Clash’d with his fiery few and won.”

Ever since then I have been intrigued by the question—How did it happen that a fiery few could defeat myriads who were not cowards or weaklings, when both sides fought with firearms? 

From that time it became my passion to buy rare books on Indian history,—at first those written in English and relating to the British period only. My educational expenses were paid by my father and I was free to spend all my own money from the first grade scholarships which I enjoyed throughout my college life, on these “India books.” The second-hand book-sellers of Calcutta found in me their most liberal (and gullible) patron, and thus the rare books on indian history discarded by the European clubs, barracks and private owners (like Prince Ghulam Husain, the last, grandson of Tipu Sultan, who died in Calcutta) were first offered to me.

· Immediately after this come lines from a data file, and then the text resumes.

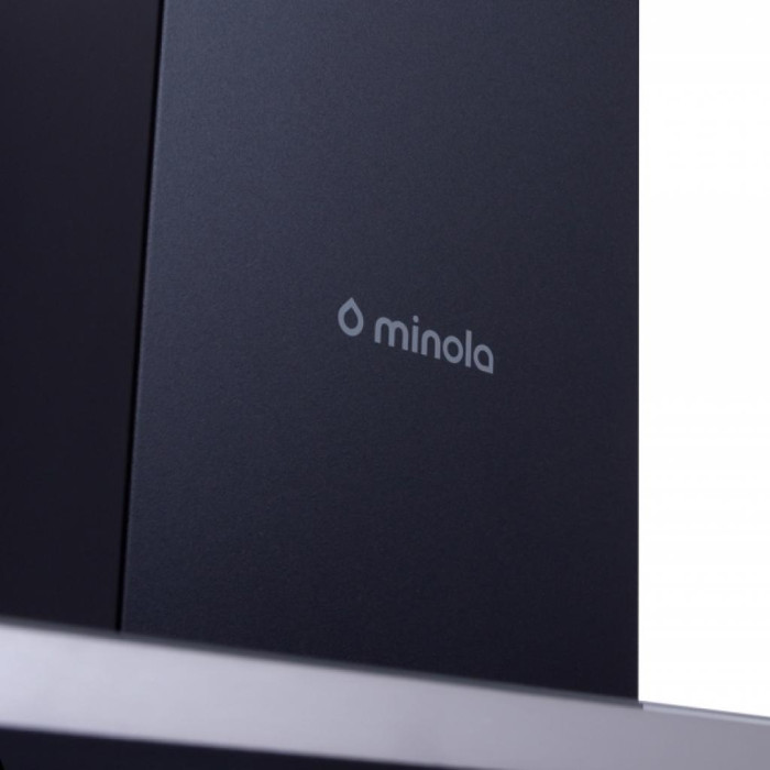 На декоративній скляній панелі витяжки Minola HVS 6222 700 LED розташована сенсорна панель керування, на якій зображені символи ввімкнення приладу, перемикання швидкостей роботи, а також ввімкнення освітлення. Прилад додатково обладнаний функцією таймера, який автоматизує роботу витяжки.
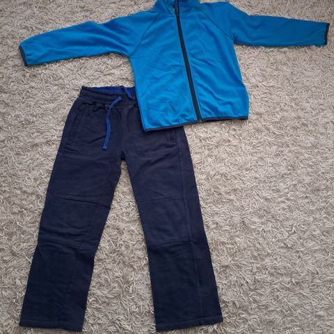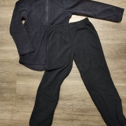 XXL v.sin. pusero, 150cm ohuehko musta fleece pusero, 150cm sin fleece housut, 140cm harmaa pusero, 140cm pun ohuempi pusero, 140cm persikan värinen fleece takki, 128cm harmaa pusero ja Reiman 128cm sininen fleece takki, jossa vuori etuosassa.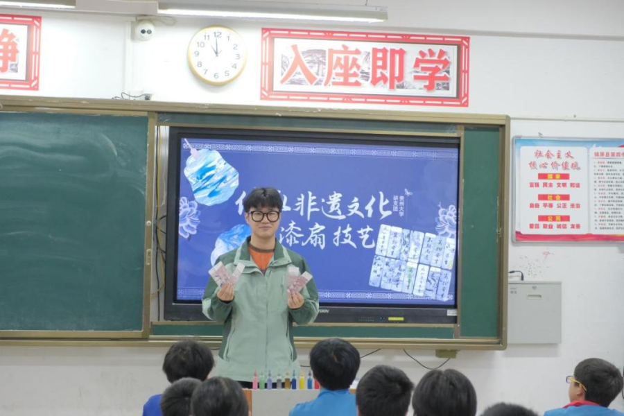 团委网站讯(记者 道胤龙 刘梓宸 报道│摄影 陆佳俊 王芷懿 周丹)近日,贵州大学第25届研究生支教团锦屏支队以中国非物质文化遗产——漆扇技艺为引,在锦屏县第四中学开展了“非遗文化进校园”活动,为学生们开启了一场传统文化的心灵之旅。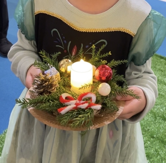 1か月前からマツボックリや木の実を拾い集めて、それを1つずつペイントした。それから草刈りで出た蔓をもらう事ができたので、それを巻いて小さなリースを80個作った。それから前日の夜に杉の葉を小さくカットして、それを1組分ずつ袋詰めした。クリスマスリースをサッと短時間で作れるように工夫して準備したが、それでも当日は足りない材料があったりして大変だった。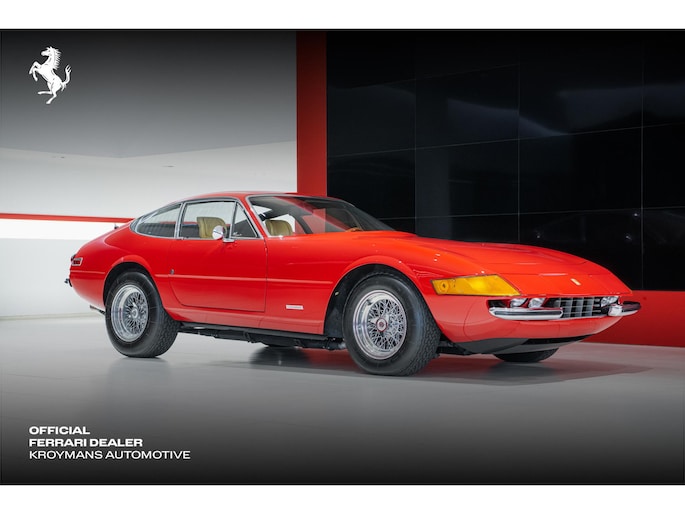 As this incredibly pristine 1972 example demonstrates, the 365 GTB/4 delivered its passengers in luxury and refinement worthy of the Ferrari name. One of 1,383 produced from 1968 through 1972, S/N 15443 is classically turned out in red over a tan leather interior featuring power windows, a wood-rimmed Nardi steering wheel, Veglia instrumentation and a gated shifter. The car invites the closest scrutiny, displaying concours-quality fit, finish and detailing. Completed with Ansa exhaust and Michelin XWX radials on chromed Borrani knock-off wire wheels, it shows just 42,175 miles and comes with books, a warranty card and the ever-important tool roll. Classiche Certication inspection completed in 2026.

I thus laid the foundation of my historical library, but when I passed the Premchand Examination (1897) and undertook orignal research, my library grew and branched like the proverbial banyan tree. I discarded my Calcutta suppliers and began to give large orders, year after year, to the famous second-hand book sellers of England,—Luzac and Trubner, Francis Edwards and Blackwell. George’s Sons of Bristo were my first and most copious agent in England (from 1898 onwards). After thirty years this stream stopped through fullness of collection and also the demands of my new love,—original research with the help of Persian, Marathi and English MSS. and records. The saturation point in printed English books had now ben reached.